Task instructions:
The line that contains "then disabled. |" marks the end: retype the data below exactly from its first line through that line.

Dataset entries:
"""
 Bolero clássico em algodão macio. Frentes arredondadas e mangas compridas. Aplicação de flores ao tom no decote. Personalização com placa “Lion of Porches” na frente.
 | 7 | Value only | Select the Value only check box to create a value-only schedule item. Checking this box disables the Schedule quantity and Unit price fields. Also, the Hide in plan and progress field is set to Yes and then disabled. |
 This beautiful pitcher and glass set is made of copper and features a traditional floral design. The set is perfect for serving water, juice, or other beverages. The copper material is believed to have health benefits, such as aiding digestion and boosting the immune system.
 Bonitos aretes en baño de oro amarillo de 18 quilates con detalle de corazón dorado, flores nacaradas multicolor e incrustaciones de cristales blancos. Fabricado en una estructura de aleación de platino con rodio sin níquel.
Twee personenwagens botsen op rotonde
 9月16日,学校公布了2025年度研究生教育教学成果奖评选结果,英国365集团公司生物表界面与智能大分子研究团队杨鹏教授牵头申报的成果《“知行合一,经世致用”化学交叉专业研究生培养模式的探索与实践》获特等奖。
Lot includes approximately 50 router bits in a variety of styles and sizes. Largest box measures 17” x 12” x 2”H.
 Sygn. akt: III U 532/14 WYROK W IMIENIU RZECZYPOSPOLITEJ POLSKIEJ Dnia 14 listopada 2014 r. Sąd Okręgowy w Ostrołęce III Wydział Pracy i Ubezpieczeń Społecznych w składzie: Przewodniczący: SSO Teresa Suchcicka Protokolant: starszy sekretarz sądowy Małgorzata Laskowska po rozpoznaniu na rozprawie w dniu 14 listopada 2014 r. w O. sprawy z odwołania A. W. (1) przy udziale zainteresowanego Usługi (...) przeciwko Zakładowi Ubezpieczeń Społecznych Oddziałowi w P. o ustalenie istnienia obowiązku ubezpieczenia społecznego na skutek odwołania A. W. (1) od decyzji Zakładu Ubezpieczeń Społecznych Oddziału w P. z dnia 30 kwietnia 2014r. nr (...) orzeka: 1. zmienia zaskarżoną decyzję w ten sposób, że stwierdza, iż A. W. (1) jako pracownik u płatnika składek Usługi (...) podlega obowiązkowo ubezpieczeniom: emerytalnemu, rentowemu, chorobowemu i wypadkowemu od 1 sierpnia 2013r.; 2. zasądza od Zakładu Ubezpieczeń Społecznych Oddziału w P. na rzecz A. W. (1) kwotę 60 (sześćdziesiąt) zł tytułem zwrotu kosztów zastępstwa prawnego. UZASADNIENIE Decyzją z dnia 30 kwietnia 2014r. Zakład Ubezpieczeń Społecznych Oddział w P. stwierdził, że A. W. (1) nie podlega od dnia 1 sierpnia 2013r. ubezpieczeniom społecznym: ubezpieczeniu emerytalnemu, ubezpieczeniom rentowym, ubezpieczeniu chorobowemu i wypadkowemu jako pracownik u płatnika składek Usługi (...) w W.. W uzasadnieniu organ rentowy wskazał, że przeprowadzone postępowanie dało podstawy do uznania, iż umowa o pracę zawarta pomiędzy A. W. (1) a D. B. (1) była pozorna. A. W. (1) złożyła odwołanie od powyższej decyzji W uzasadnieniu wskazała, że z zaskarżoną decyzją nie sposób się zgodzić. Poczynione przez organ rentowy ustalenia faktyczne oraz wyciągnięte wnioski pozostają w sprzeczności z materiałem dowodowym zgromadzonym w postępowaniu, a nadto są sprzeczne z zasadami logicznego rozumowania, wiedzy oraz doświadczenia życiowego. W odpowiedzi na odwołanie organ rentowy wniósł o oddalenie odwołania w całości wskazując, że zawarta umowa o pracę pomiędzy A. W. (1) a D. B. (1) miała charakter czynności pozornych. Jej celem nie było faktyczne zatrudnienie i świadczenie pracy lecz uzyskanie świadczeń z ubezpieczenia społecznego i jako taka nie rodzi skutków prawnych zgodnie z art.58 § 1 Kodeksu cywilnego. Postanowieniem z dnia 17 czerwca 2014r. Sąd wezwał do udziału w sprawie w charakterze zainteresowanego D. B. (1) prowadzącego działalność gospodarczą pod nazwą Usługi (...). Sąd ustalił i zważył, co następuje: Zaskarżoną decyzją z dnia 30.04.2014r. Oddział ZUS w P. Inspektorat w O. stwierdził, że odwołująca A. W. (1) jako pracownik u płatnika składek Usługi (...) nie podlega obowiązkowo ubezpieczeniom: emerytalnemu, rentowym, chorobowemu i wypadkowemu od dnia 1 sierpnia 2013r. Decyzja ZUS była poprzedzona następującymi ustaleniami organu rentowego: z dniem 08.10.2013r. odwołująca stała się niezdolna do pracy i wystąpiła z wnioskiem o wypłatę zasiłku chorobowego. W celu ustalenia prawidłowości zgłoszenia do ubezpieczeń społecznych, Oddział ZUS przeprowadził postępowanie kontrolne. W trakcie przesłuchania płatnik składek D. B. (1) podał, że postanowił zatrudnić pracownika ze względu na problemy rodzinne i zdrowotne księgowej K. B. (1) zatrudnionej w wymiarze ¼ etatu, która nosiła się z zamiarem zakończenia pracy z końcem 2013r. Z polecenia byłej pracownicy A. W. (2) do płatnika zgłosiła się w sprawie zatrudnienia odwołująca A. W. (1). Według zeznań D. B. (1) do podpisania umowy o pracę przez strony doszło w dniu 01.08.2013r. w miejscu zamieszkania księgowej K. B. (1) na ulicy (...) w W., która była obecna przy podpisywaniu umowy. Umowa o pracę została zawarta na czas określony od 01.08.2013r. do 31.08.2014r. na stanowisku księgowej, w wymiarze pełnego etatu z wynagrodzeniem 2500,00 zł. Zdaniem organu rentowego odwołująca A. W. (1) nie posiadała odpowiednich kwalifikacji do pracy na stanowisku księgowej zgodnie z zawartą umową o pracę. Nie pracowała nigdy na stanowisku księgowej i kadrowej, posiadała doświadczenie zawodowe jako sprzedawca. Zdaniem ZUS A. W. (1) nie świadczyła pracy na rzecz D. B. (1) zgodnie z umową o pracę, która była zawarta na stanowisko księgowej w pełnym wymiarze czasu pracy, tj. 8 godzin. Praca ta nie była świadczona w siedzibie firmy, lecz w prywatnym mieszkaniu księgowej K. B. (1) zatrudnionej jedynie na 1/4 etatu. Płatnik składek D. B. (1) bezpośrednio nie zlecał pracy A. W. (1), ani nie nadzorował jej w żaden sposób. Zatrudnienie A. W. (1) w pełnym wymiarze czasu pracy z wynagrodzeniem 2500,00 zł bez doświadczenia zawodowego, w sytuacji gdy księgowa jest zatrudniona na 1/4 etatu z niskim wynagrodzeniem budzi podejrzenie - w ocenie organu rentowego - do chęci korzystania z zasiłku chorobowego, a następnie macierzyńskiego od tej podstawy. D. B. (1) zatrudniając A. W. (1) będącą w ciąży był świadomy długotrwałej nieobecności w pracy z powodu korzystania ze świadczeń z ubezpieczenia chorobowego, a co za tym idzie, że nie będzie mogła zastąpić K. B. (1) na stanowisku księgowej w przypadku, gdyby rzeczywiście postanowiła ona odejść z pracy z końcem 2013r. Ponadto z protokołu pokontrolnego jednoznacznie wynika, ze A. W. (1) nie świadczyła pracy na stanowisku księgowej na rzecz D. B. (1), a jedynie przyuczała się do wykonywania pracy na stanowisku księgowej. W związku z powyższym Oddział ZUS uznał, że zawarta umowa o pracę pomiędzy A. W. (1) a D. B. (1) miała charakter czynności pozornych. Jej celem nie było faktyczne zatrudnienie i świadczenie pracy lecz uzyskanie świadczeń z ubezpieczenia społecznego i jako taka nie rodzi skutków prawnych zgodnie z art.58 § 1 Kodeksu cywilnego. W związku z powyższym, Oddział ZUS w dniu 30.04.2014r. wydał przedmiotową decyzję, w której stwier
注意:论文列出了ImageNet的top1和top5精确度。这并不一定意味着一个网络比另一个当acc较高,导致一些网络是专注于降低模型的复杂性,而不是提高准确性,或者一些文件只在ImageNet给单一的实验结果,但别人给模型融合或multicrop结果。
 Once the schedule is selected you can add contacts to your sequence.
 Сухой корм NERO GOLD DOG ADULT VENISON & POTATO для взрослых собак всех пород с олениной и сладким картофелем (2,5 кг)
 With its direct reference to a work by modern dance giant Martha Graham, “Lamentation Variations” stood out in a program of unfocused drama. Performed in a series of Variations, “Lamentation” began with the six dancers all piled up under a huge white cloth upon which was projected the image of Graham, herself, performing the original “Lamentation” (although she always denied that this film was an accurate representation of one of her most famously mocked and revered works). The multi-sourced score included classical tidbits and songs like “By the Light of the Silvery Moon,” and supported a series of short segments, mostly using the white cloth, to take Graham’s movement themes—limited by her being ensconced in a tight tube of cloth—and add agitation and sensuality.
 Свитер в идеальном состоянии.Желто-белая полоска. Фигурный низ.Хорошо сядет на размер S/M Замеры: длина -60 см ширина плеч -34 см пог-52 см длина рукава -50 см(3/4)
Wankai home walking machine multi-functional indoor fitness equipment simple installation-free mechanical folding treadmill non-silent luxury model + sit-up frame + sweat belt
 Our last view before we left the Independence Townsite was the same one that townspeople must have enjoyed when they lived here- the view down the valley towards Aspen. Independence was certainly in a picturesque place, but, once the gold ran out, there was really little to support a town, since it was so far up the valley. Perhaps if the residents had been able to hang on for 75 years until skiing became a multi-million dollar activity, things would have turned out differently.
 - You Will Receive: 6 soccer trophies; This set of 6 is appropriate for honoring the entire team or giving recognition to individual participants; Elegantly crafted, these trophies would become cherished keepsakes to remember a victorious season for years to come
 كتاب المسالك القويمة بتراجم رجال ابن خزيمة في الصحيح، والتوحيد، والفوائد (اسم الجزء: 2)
"""
Finished task:
 Bolero clássico em algodão macio. Frentes arredondadas e mangas compridas. Aplicação de flores ao tom no decote. Personalização com placa “Lion of Porches” na frente.
 | 7 | Value only | Select the Value only check box to create a value-only schedule item. Checking this box disables the Schedule quantity and Unit price fields. Also, the Hide in plan and progress field is set to Yes and then disabled. |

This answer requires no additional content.